# Ideas for cage



## Lunchy (Aug 28, 2017)

Hi guys,

I'm trying to make sure my cage is as enriching as it can possibly be as one of my rats might be suffering from boredom and biting his cagemates' poor ears. I'm hoping for some budget ideas to improve it for the boys if possible. I know that our free range isn't really enriching either right now but am working to get material for a playpen and to make that fun for them too.

The cage I have is this:
https://www.amazon.co.uk/LITTLE-FRI...=UTF8&qid=1510913244&sr=1-8&keywords=rat+cage

We've removed the top floor to have a large upper section, put sticky laminate tiles on the remaining level, removed the top 2 food bowls and kept the bottom 2. We are also working on having it so they don't walk on the wire floor on the bottom level but that will come soon. 

In the large upper section, we have 3 main hammocks - one normal flat one attached to the top of the cage in the middle, a makeshift one made out of the hood of a hoodie in the top right hand corner, and a small corner hammock in the back left hand corner of the floor that's laminated. We've got a Sputnik bed thing, a big rope-climbing frame bridge thing that essentially makes a new level, a rope bridge like for birds, a colourful wooden-bendy bridge also aimed at birds, a bucket that gets stuffed with material for them, a big wire food ball that also gets stuffed with material and treats, a hanging wooden climbing frame, and about 4/5 ledges dotted around. On the floor we have some chew toys for them, and last night my partner built a house of Megablocks and put that in, along with some blocks stuck together for treats stuck inside.

On the smaller bottom level there's not much - 2 food bowls, a ledge, a chew toy, a litter tray, maybe something else I can't remember, but it's difficult to hang things on this bottom level as the wire floor is covered with tiles.

I want to make everything interesting and fun for the rats, and am planning a trip to a pound shop later today to maybe pick up some stuff. The problem I'm having is that it is easy to attach things to the side of the cage, and the top, but sometimes in the middle it can seem quite empty. 

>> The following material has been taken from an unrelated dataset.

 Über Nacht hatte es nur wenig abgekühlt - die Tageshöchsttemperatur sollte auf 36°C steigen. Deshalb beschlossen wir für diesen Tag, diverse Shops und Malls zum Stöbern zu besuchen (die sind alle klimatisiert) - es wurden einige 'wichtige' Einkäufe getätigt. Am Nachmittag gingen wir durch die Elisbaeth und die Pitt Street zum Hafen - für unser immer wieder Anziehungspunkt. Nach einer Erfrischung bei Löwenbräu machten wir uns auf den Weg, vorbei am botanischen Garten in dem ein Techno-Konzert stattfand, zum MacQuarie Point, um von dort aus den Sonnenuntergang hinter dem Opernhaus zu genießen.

Does anyone have any other ideas on how to fill up my cage and make it fun? I've read some websites but I'm hoping for some tried and tested ideas, based on things that might work with the cage I've got. I want lava ledges but here in the UK they're sparse and expensive 

Thanks in advance


----------



## trico (Oct 31, 2017)

Your cage seems awesome right now! Perhaps their boredom is due to it being the same all the time. Try switching the items up and moving them around. They need new stimulation constantly to keep entertained. 

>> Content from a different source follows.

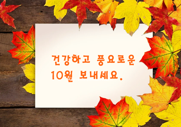 바야흐로 오색찬란한 단풍잎을 감상할 수 있는 10월입니다. 벌써 설악산은 단풍구경을 할 수 있다고 합니다. 시간 참 빠르게 흘러가고 있습니다. 주변 지인들에게 여유롭고 풍족하고 안전한 한 달 보내시라는 의미에서 따뜻한 인사말을 전하는 것도 좋습니다. 그래서 10월 인사말 이미지 문구 모음을 준비했습니다.

As for other items, I'll link some helpful links below of different toys and items to include in your cage:
https://i.pinimg.com/originals/4f/0e/e0/4f0ee0f7ccac73935f15770d3cd848cd.jpg
https://pre00.deviantart.net/8925/th/pre/i/2011/283/c/2/making_a_treat_box_toy_by_ladytara-d4cfs7e.jpg
http://www.cosybedsandburrows.com/cosy-hammock-hangers.html
https://serribrat.wordpress.com/2015/09/29/rat-cage-accessory-roundup-4/#more-330
https://serribrat.wordpress.com/2014/01/28/rat-cage-accessory-roundup-2/
https://serribrat.wordpress.com/2015/09/29/rat-cage-accessory-roundup-4/#more-330https://serribrat.wordpress.com/2013/11/18/rat-cage-accessory-roundup-post/
https://serribrat.wordpress.com/2014/05/31/rat-cage-accessory-roundup-3/

Just remember the key idea is to switch things up and move things around. You could have a million toys in yu=our cage, but if you never move them or change the scenery, they will still get bored. ​


----------



## Lunchy (Aug 28, 2017)

trico said:


> Your cage seems awesome right now! Perhaps their boredom is due to it being the same all the time. Try switching the items up and moving them around. They need new stimulation constantly to keep entertained.
> 
> As for other items, I'll link some helpful links below of different toys and items to include in your cage:
> https://i.pinimg.com/originals/4f/0e/e0/4f0ee0f7ccac73935f15770d3cd848cd.jpg
> ...


Thanks, that's very very helpful! I try to change the cage up every now and then to keep it interesting but maybe it's not been as interesting as I thought. Those are loads of cool ideas which are super helpful as we're a little skint just now and want to keep the rat budget as low as we can. Thanks again, and if anyone else has any other ideas I would really appreciate them


----------



## Ratologist (Nov 24, 2016)

What seems to be happening with your rat's ears? I'm not convinced that rats would bite each other's ears out of boredom. Have you seen this happen? Or are you seeing sores on the ears? Sores that look like the result of fighting may very well be a case of mites.


----------



## Lunchy (Aug 28, 2017)

Ratologist said:


> What seems to be happening with your rat's ears? I'm not convinced that rats would bite each other's ears out of boredom. Have you seen this happen? Or are you seeing sores on the ears? Sores that look like the result of fighting may very well be a case of mites.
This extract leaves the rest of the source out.